On Wed, 11 Jul 2001, Aleksandr Koltsoff wrote:
> First of all, thanks for all the ppl who replied to my status inquiry about
> GGI.
NP
> But to the subject, as I understand (correct me if I'm wrong), DirectFB
> already contains some functionality which mirrors some of GGIs abilities?
Yes, but the API is weak, and contains no resource check/set routines, so
we cannot make a LibDirectFB target, instead we will be having LibGGI
pretend to be LibDirectFB and talk to their driver modules directly.

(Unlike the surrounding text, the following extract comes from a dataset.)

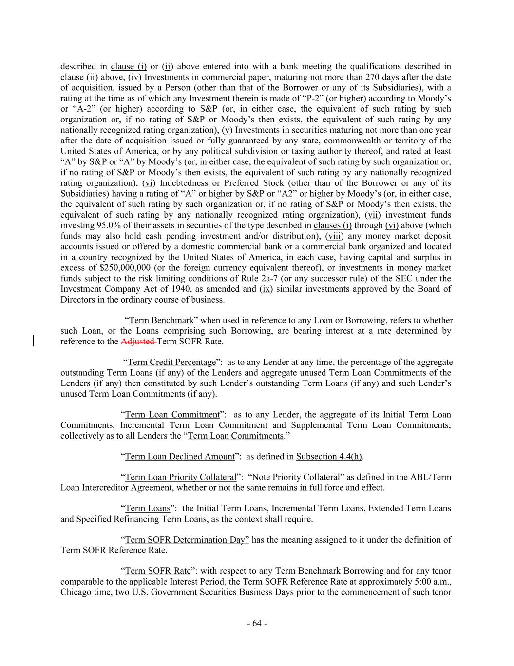 described in clause (i) or (ii) above entered into with a bank meeting the qualifications described in clause (ii) above, (iv) Investments in commercial paper, maturing not more than 270 days after the date of acquisition, issued by a Person (other than that of the Borrower or any of its Subsidiaries), with a rating at the time as of which any Investment therein is made of “P-2” (or higher) according to Moody’s or “A-2” (or higher) according to S&P (or, in either case, the equivalent of such rating by such organization or, if no rating of S&P or Moody’s then exists, the equivalent of such rating by any nationally recognized rating organization), (v) Investments in securities maturing not more than one year after the date of acquisition issued or fully guaranteed by any state, commonwealth or territory of the United States of America, or by any political subdivision or taxing authority thereof, and rated at least “A” by S&P or “A” by Moody’s (or, in either case, the equivalent of such rating by such organization or, if no rating of S&P or Moody’s then exists, the equivalent of such rating by any nationally recognized rating organization), (vi) Indebtedness or Preferred Stock (other than of the Borrower or any of its Subsidiaries) having a rating of “A” or higher by S&P or “A2” or higher by Moody’s (or, in either case, the equivalent of such rating by such organization or, if no rating of S&P or Moody’s then exists, the equivalent of such rating by any nationally recognized rating organization), (vii) investment funds investing 95.0% of their assets in securities of the type described in clauses (i) through (vi) above (which funds may also hold cash pending investment and/or distribution), (viii) any money market deposit accounts issued or offered by a domestic commercial bank or a commercial bank organized and located in a country recognized by the United States of America, in each case, having capital and surplus in excess of $250,000,000 (or the foreign currency equivalent thereof), or investments in money market funds subject to the risk limiting conditions of Rule 2a-7 (or any successor rule) of the SEC under the Investment Company Act of 1940, as amended and (ix) similar investments approved by the Board of Directors in the ordinary course of business. “Term Benchmark” when used in reference to any Loan or Borrowing, refers to whether such Loan, or the Loans comprising such Borrowing, are bearing interest at a rate determined by reference to the Adjusted Term SOFR Rate. “Term Credit Percentage”: as to any Lender at any time, the percentage of the aggregate outstanding Term Loans (if any) of the Lenders and aggregate unused Term Loan Commitments of the Lenders (if any) then constituted by such Lender’s outstanding Term Loans (if any) and such Lender’s unused Term Loan Commitments (if any). “Term Loan Commitment”: as to any Lender, the aggregate of its Initial Term Loan Commitments, Incremental Term Loan Commitment and Supplemental Term Loan Commitments; collectively as to all Lenders the “Term Loan Commitments.” “Term Loan Declined Amount”: as defined in Subsection 4.4(h). “Term Loan Priority Collateral”: “Note Priority Collateral” as defined in the ABL/Term Loan Intercreditor Agreement, whether or not the same remains in full force and effect. “Term Loans”: the Initial Term Loans, Incremental Term Loans, Extended Term Loans and Specified Refinancing Term Loans, as the context shall require. “Term SOFR Determination Day” has the meaning assigned to it under the definition of Term SOFR Reference Rate. “Term SOFR Rate”: with respect to any Term Benchmark Borrowing and for any tenor comparable to the applicable Interest Period, the Term SOFR Reference Rate at approximately 5:00 a.m., Chicago time, two U.S. Government Securities Business Days prior to the commencement of such tenor - 64 -

> So, if/when I'd write some application that needs direct and hw-accelerated
> access to the gfx-system (it will be the only application running on that
> card, however my application involves multiple cards in one system) which
> API should I use? I think that directfb also uses the fbdev-interface, so in
> connection to the previous question, would I be best off if I wrote a
> fbdev-driver for the SMI?
DirectFB + fbdev might be a good way to go, but binary-only drivers for
fbdev will not be accepted. KGI will accept binary-only drivers, I think,
ask Steffen. However KGI will require a patched kernel. I wouldn't tell
my worst enemy to write an X driver (ecch!).
Just if you do implement an fbdev driver, do it right -- after copying
the skeleton most fbdev driver authors leave some features in a state where they
say they exist, but are actually not implemented, e.g. ypan.
Mostly I would advise you to keep what code you can disentangled from any
individual project -- even if you have a DirectFB driver, when we start
doing high speed accel pushing, you will find that function call overhead
slows the DirectFB driver down, so if your chipset code is well separated,
implementing a fbdev direct accel target for LibGGI, or a KGI driver
will be much much easier.
> And what is KGI anyway?
It's explained pretty well on their SourceForge pages :-)
> years ago ;-) I did some work with GGI and then the KGI contained drivers
> for different hardware. Is it parallel to the current fbdev-drivers or
> something else completely?
Similar to in some ways, but more secure and hence theoretically more stable.